Is The Housing Market Dominated by Institutional Investors?

More from the brilliant Michael Orr:

“We keep reading everywhere that the housing market is “dominated by institutional investors”. This is often taken to be 1. true and 2. a bad thing and sometimes suggested as a pre-cursor to a market collapse. All of these ideas are based on a false perception of the fundamental nature of the housing market. They also imply a misunderstanding of what the word “dominate” means…

Institutional investors are as active in Phoenix as anywhere, yet they still make up a small part of the market. If they are bidding for the same property as you are, it will certainly feel like they are an important factor. They have deep pockets filled with cash and can be very determined. However they do not even compete for the majority of homes for sale. They are interested only in cheaper homes that they can rehab and rent out for an acceptable cash flow. Even in this small subset of the market, they do not dominate. Small scale investors buy more than twice as many homes as institutional investors. Normal homeowners buy three times as many homes as all investors put together. The market is in fact dominated by ordinary homeowners. Their transactions are by far the largest and most significant part of the market. They always have been. Even at their highest penetration investor purchases never got higher than 40%. Right now they are well below 30% and falling.

Over the last 4 years institutional investors have come to own between 10,000 and 11,000 homes in Maricopa County. This not a very large number. Remember that in March 2009 we had over 10,000 foreclosure notices in a single month. That was a major event. But an inventory of 11,000 rental homes is not big enough to impact the overall market in any major way. It represents less than 1% of the housing stock. It represents less than 1.5 months of sales.

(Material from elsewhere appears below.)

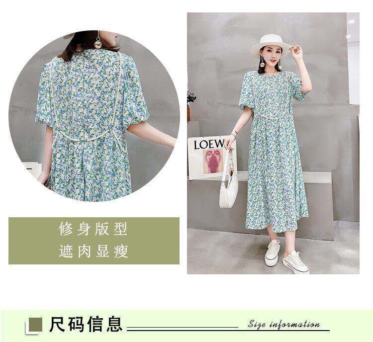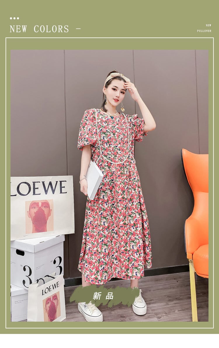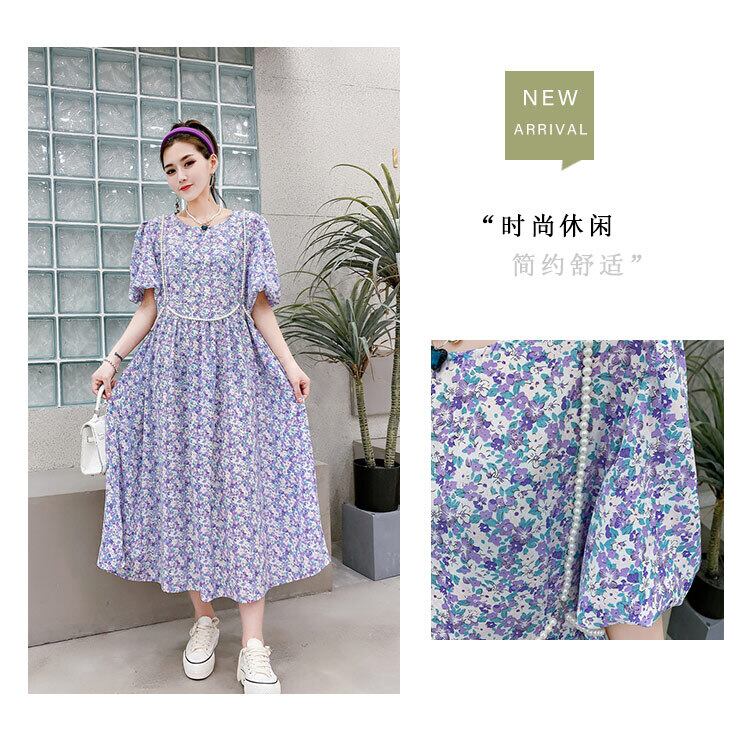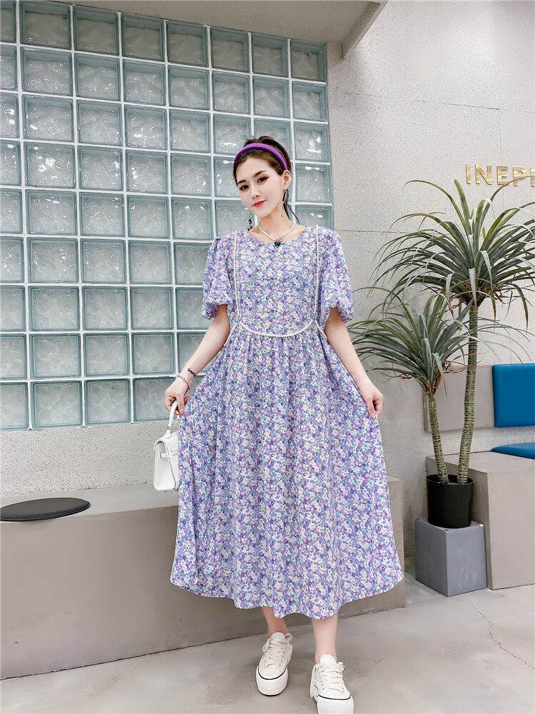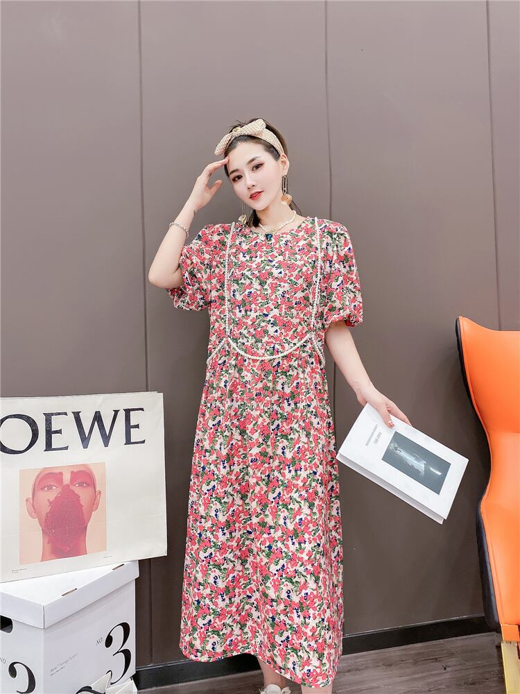 サマーフローラルドレス ロング薄手ラウンドネックスカート 大きめサイズ 夏物 花柄 Oネック ミックスインファッション65588748536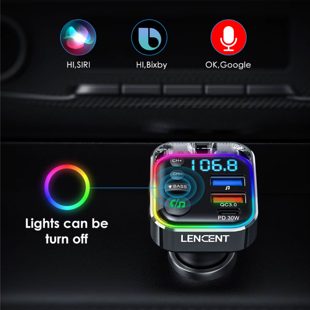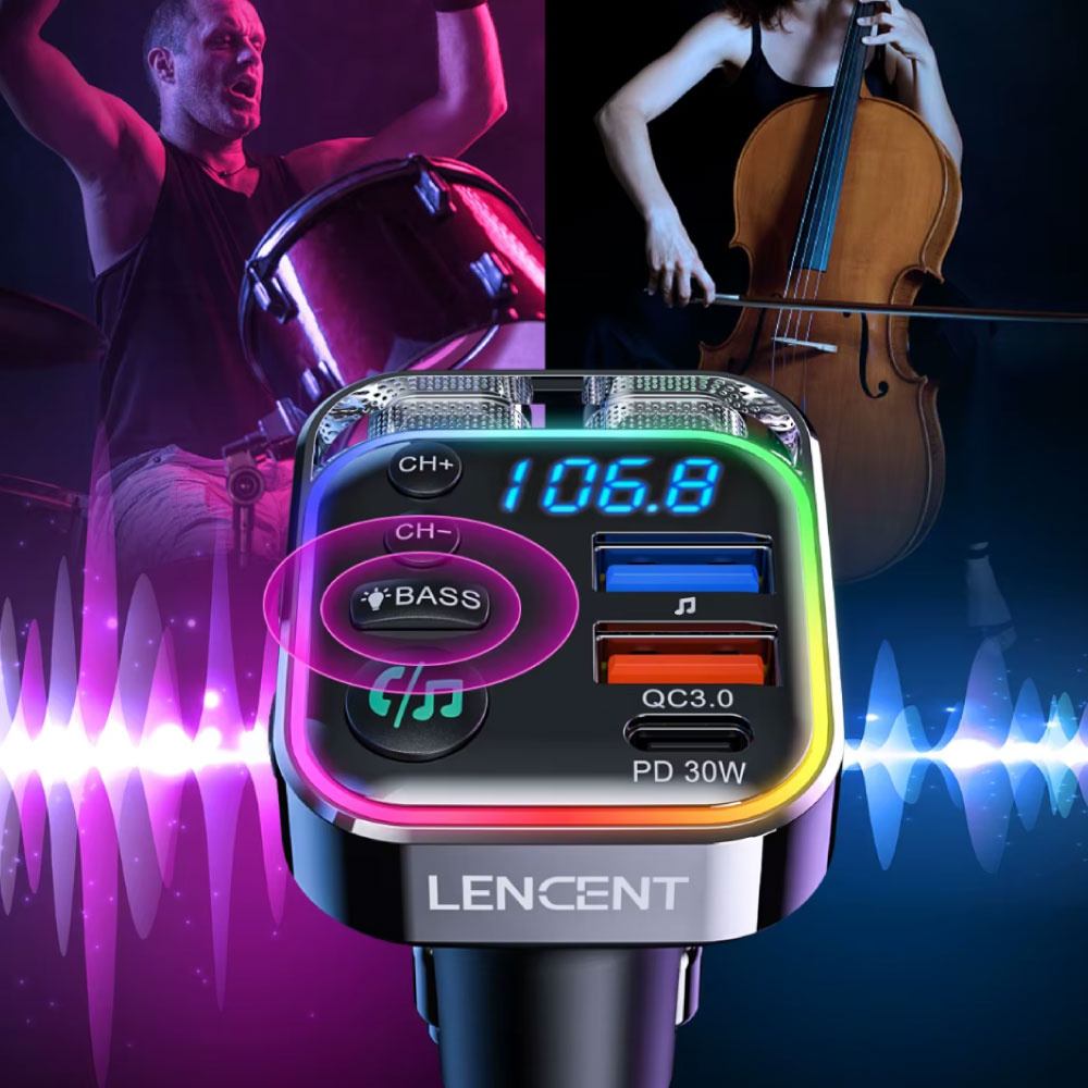 Maak van elke autorit een comfortabele én muzikale ervaring met de LENCENT Bluetooth FM Transmitter. Deze compacte alles-in-één autolader combineert handsfree bellen, Hi-Fi muziekstreaming en supersnel opladen in één stijlvol apparaat.

If all of these homes were to be dumped onto the market at once through ARMLS it would theoretically increase the active listings from 19,400 to about 30,000. This is still less than what would be considered sufficient for a balanced supply, which would be about 33,000 to 35,000 for ARMLS as a whole. So we would still have a supply shortfall, not a glut.

Of course, these homes will not come onto the market all at once. And as and when they come onto the market over the next several years, the tenants will have to find homes, creating a corresponding increase in demand to offset the increased supply. Only an empty rental homes creates an increase in net supply.”